The answer was: There is a lifetime warranty. That’s pretty sweet, right? Hard to go wrong with that. The natural question I had was, “Whose lifetime and how does it work?” These are the things that I’m curious about. Could I have my 6-month old put his hand print on the contract and funnel the payment through his bank account?
Turns out that the warranty is for the owner of the house, so that won’t work. As our home, is co-owned, I assume that it’s the lifetime of whoever lives longer, but maybe I should read the details on that.
The thing that really struck me as odd though, is that the warranty is void if we sell the house to someone else.

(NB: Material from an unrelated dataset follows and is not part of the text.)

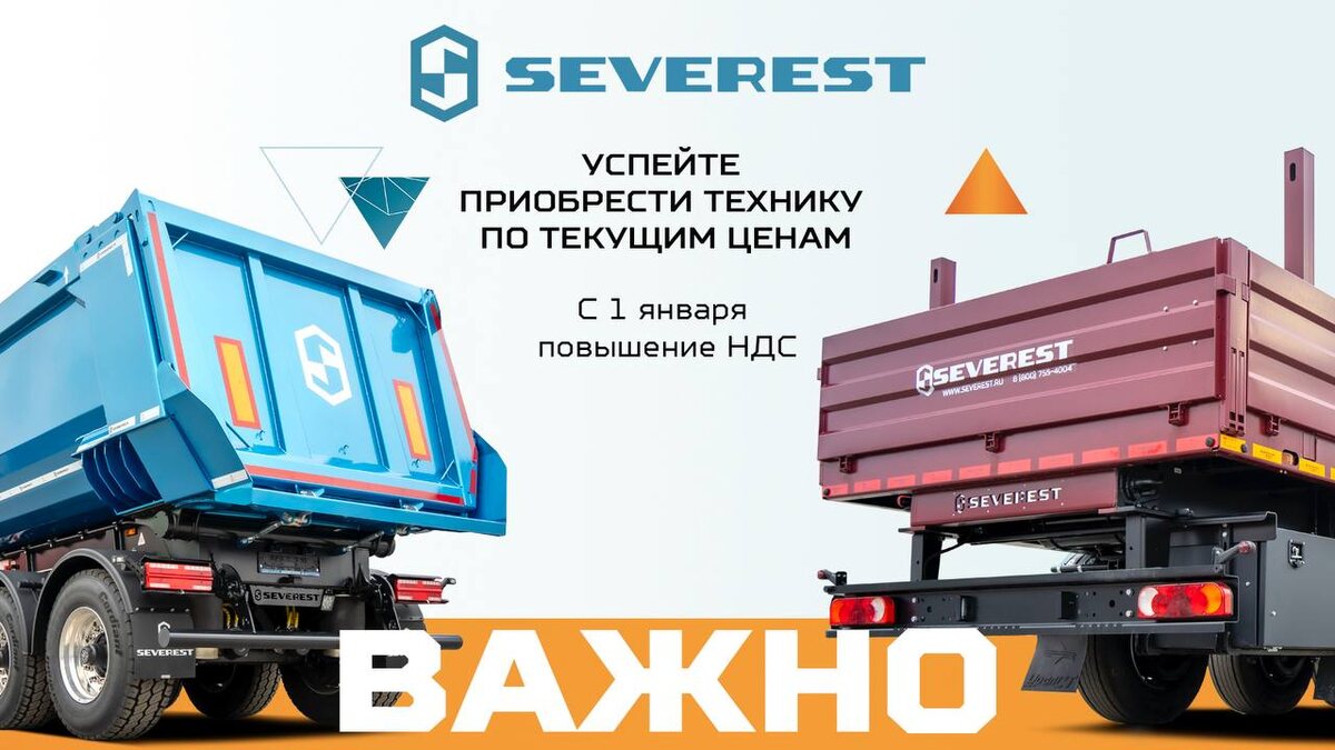 ! 📣 🗓 До Нового года осталось совсем немного времени, и мы хотим предупредить вас о важном изменении, которое повлияет на стоимость нашей техники! ⚠️ С 1 января произойдёт повышение НДС! ⚠️ Это значит, что цены на нашу продукцию неизбежно вырастут. Если вы давно планировали приобрести технику SEVEREST, сейчас самое удачное время для покупки! 💰 ✨ Почему стоит поторопиться? ✅ Сохранить текущие выгодные цены. ✅ Избежать дополнительных расходов из-за повышения НДС ✅ Стать обладателем качественной техники от надёжного производителя без лишних затрат 🔔 Не откладывайте решение! Мы ждем Ваших звонков: 📱Телефон: 8-800-775-33-00 🌐 Сайт: severest.ru SEVEREST - быть сильнее обстоятельств! #severest #лизинг #ндс #спецтехника #полуприцеп #урал #камаз #faw #shacman

This just didn’t seem right to me. The fence company shouldn’t care who lives in the house. They shouldn’t get out easy if I’m house flipper. Furthermore, if we do sell the house, the fence is an asset, and it would nice if that asset some time left on the warranty.
In the end, it probably doesn’t matter too much. The warranty only covers defects and I think those would be evident relatively quickly. The thing that’s mostly likely to be a problem is the weather, and acts of God aren’t covered in the warranty.
Readers, should I look for a different fence company or just suck it up and deal?
Excessively long term warranties, including “lifetime”, are nothing more than a sales gimmick. The only reason you might want to avoid them is because sometimes, the cost of that excessive warranty is built into the price of the product. But if the product is otherwise competitively priced, having a pointless bullet point on their sales brochure shouldn’t hurt.
Kevin Watts @Graduatingfromdebt says
This is something I always curious about myself. Good to know. I think you should stick to them if you think the product is worth it.
Matt G says
So, you could say you’re on the fence with lifetime warranties? /sorry
Usually an offer of a lifetime warranty means that the product doesn’t need a warranty or that it’s very limited in its scope.
Money Beagle says
We just finished getting a new roof on our house and they go through the same gimmick with shingles. The roofer told us that our shingles that he tore off should be covered under a warranty as they are 25 year shingles and the house is only 15 years old. Sure enough, that would only apply if we were the original owners (we’re the third). Same with the warranty we got. It actually will transfer once, though it immediately reduces the coverage, and after one transfer that too is 100% null.